◆ **STORED DATA**:
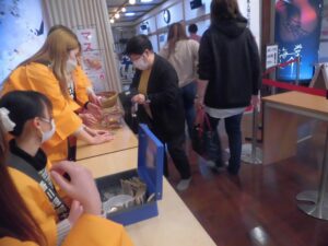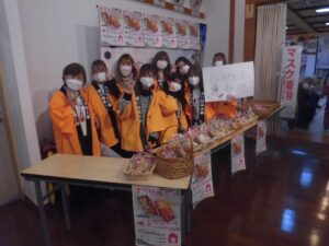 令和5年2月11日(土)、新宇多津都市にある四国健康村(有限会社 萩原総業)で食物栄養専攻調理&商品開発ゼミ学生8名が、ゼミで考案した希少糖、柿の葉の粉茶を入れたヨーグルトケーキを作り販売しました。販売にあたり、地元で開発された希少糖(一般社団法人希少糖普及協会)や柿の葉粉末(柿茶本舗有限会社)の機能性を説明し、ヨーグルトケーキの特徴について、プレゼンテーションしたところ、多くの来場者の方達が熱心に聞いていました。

---

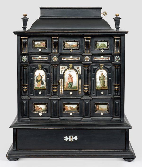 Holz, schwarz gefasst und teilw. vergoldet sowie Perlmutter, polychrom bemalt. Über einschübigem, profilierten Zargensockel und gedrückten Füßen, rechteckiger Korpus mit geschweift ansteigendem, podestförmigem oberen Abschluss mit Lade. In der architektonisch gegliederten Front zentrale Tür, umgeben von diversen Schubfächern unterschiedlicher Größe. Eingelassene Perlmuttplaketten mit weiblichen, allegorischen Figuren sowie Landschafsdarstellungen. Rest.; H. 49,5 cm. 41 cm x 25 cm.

--

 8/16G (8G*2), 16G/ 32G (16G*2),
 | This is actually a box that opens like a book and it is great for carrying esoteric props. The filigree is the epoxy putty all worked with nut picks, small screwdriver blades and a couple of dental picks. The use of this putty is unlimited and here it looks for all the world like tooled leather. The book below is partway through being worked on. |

◆ **YOUR OBJECTIVE**: From the material above, set down exactly the lines starting at the one with "8/16G (8G*2), 16G/" and ending at the one with "worked on. |", end lines included.

◆ **PROBLEM SOLUTION**:
 8/16G (8G*2), 16G/ 32G (16G*2),
 | This is actually a box that opens like a book and it is great for carrying esoteric props. The filigree is the epoxy putty all worked with nut picks, small screwdriver blades and a couple of dental picks. The use of this putty is unlimited and here it looks for all the world like tooled leather. The book below is partway through being worked on. |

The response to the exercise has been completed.